In the chapters in this section, his technique mainly just reaches for a hapless scientist or economist to demonstrate what we’re up against. In this case, it is Professor Walter Heller, who Schumacher describes, somewhat patronizingly, as a former chairman of the President’s Council of Aluminium Economic Advisers – but he was in fact a leading economist in the early 60s – he invented the Johnson administration’s ‘War on Poverty’. Heller says:

“I cannot conceive a successful economy without growth.”

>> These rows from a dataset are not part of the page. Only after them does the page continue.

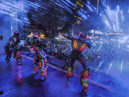 Hay un viaje muy claro de la cultura sonidera para llegar hasta este punto. La casilla de salida se puede ubicar en marzo de 2023, cuando más de 30 proyectos sonideros se presentaron en la plancha del Zócalo de la capital en un evento multitudinario. Más tarde, en octubre de ese mismo año, el Gobierno de la Ciudad de México decidió catalogar al movimiento como patrimonio cultural inmaterial de la capital y, para la noche de Año Nuevo de 2024, invitó a Polymarchs a amenizar la tradicional fiesta en el Ángel de la Independencia con la “discoteca más grande del mundo”. Esta es la ola a la que quiso subirse Boiler Room, según cuenta su programador musical Joe Howard, que estuvo a cargo de la sesión con los sonideros. “No creo que esta cultura difiera mucho de la que existe alrededor de la música electrónica. Ambas proveen espacios para que la gente baile, socialice y haga comunidad”, reflexiona sobre la decisión de realizar este evento.
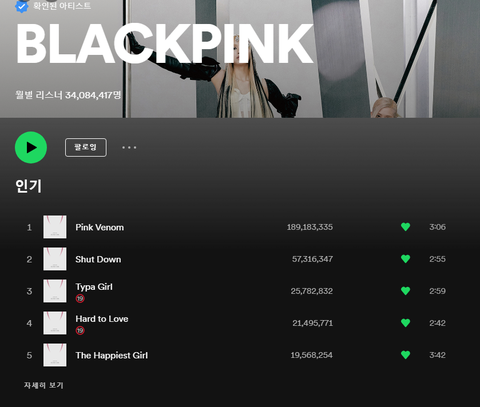 Spotify Global Blackpink 지수 제니 로제 리사 블핑 블링크 Streaming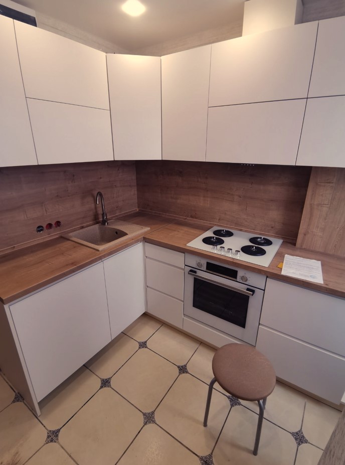 Угловая кухня с зашивкой трубы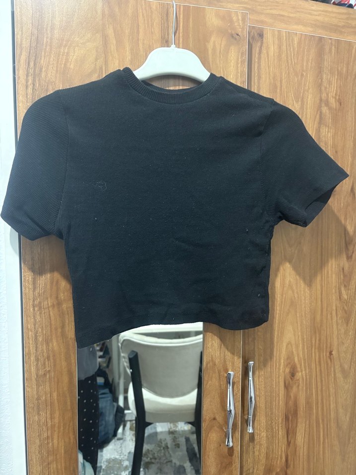Siyah renkli, kısa kollu ve yuvarlak yakalı crop top. Rahat sentetik kumaştan, sade ve düz tasarıma sahip, günlük kullanıma uygun.
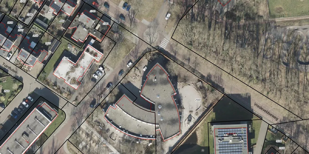 Gebruik de zoekbalk of klik op een perceel voor informatie over de adressen binnen dit perceel.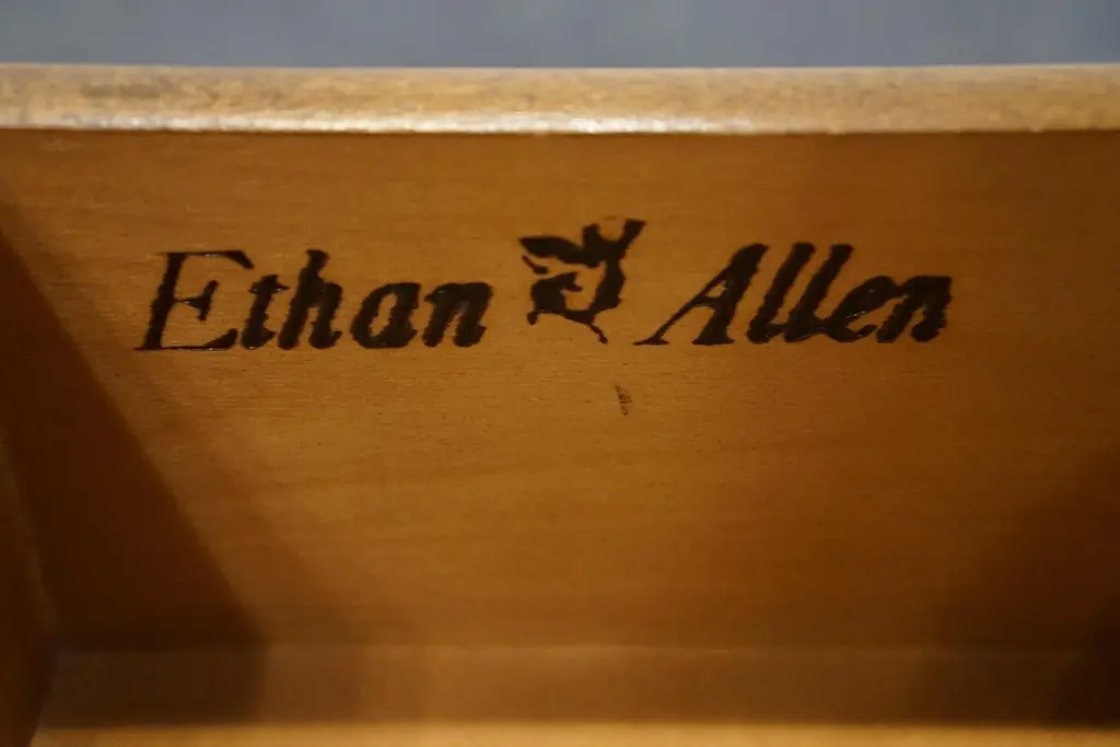 ETHAN ALLEN Antiqued Pine Old Tavern Rustic Early American 37" Butterfly Drop Leaf Accent End Table 12-8034 24.25" High Leaves Down: 20" Wide Leaves Up: 37" Wide 27" Deep We specialize in high end used furniture that we consider to be at least an 8 on a scale of 1 to 10 regarding condition, unless otherwise noted.

Then Schumacher cuts to the essence:

“But if the United States’ economy cannot conceivably be successful without further rapid growth, and if that growth depends on being able to draw ever-increasing resources from the rest of the world, what about the other 94 per cent of mankind which are so far ‘behind’ America?”

This is a terrifying vicious circle. So that:

“If a high-growth economy is needed to fight the battle against pollution, which itself appears to be the result of high growth, what hope is there of ever breaking out of this extraordinary circle?”

Especially given that, every time the circle goes around, you find there are fewer resources and raw materials to distribute.